In this repository it ranks fantasy football players inside their position using neural networks (machine learning) based on previous year per-game stats, and grades for current teams positional groups (OLs, QBs, WRs, RBs, and TEs grades). Includes rankings for RBs, WRs, TEs, and QBs in Non PPR, Half PPR, and Full PPR. I used neural networks so the machine learning could account for the complexities of fantasy football. Code is adaptable to be able to be used for future years as well. Unfortunately, I am currently unable to incorporate rookies or one combined ranking of all positions, however it is something that I aim to add in the future. The languaged used throughout the project is Python.
BE PATIENT! Running some of the code takes some time
- requirements.txt
- run modelMaker.py to get each model used.
- run csvTeamRosterStatMaker.py's functions statMaker and rosterMaker with the last four years. ex: if it is July 2023, set years array to 2022, 2021, 2020, 2019. This is data used to rank players
- run csvTeamRosterStatMaker.py functions rosterMaker with only current year. ex: if July 2023, set years array to just 2023. This updates the teams roster.
- run teamPositionGrading.py and set x to false (around line 160) and scroll down a little bit and change yearsSmall in the if loop to last year and yearsBig to current year. ex: if it is July 2023, make yearsSmall 2022 and yearsBig 2023. This updates teams positional grade.

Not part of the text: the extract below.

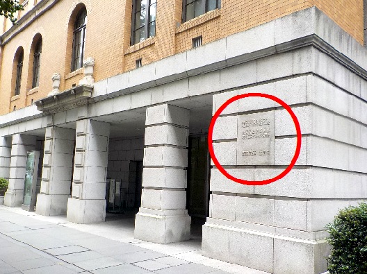 三菱UFJ信託銀行本店の南側、大名小路に面する壁面に石のプレート「電話交換創始之地」があります。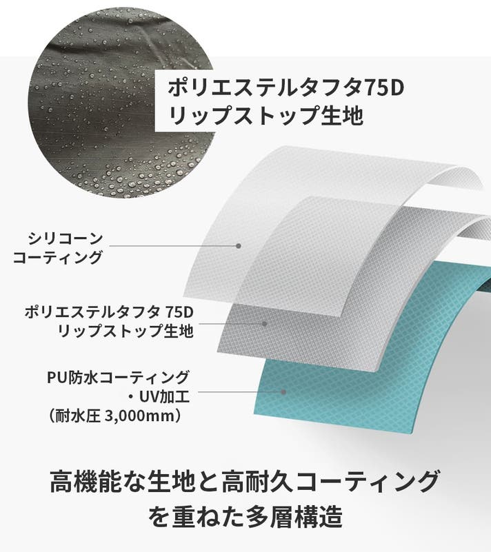 ・本体:100%ポリエステルタフタ75デニールリップストップ、シリコンコーティング、耐水圧3,000mm、防水コーティング、撥水コーティング、紫外線遮断コーティング

- run playerDFMaker.py. This makes player stats in manner necessary for models
- run playerScorer.py. This is where the actual rankings are predicted.
- modelMaker.py: This is where the nueral network machine learning models are made. It takes players per game stats from previous year and grades for current year team positional group and uses this to predict PPG, which is how the rankings are done. Does it for Non PPR, Half PPR, and Full PPR, and stores them in all_models folder using joblib.
- csvTeamRosterStatMaker.py: This is where the data is obtained from past four years for DF. It makes current year roster (currYearRoster.csv) for each team and then past four years rosters (teamsPastRoster.csv) to help indentify and confirm a players stats for each year. It also makes teamsOldQBStats.csv and teamsOldRushRec.csv, which is players stats for last four years.
- playerDFMaker.py: This file makes each individual players, who is currently on a team, dataframe row that has everything needed for the model. It takes the grades for their current team, and stats for last year. If they were hurt or suspended so they did not play at least 7 games, it goes to previous years until it can get enough, adding penalty for each year back so it is not fully counted. If they are a rookie, only needs a few games instead. Writes it into playersDFsForModels folder.
- playerScorer.py: This is where the rankings are made. It puts each player into the model and ranks them. It then sorts all players in each position in order from highest to lowest and writes rankings into final_rankings folder.
- teamPositionGrading.py: This is where the AV grades (simple grading system from sportsreference) are obtained. When X is false in program, it makes teamsAVGrades.csv (need to change yearsBig and yearsSmall in if statements later on, as listed in how to), when it is true it uses the main yearsBig and yearsSmall (last ten years, similar breakup as listed in how to for the current year) to make 12-21Grades.csv for machine learning model.
- csvs in final_rankings folder: This is where all the rankings are compiled, sorted by if non ppr, half ppr, or ppr, and then by position.
- 12-21FantasyData.csv: This is data obtained from kaggle that is used for the machine learning. If trying to make model more recent in the future, have to find dataset that has same things as model does.
- 12-21Grades.csv This is teams position grades data obtained from teamPositionGrading.py of the same ten years as the data above. If trying to make model more recent in the future, need to rerun teamPositionGrading.py with years wanted.
- csvs in playerDFsForModels folder: These are csvs with the data of each person seperated by if QB or not, and PPR status. Used to predict ppg.
- currYearRoster.csv: Current year rosters for each team, iterates through this to make rankings. Uses player bday to confirm it finds same player in previous year.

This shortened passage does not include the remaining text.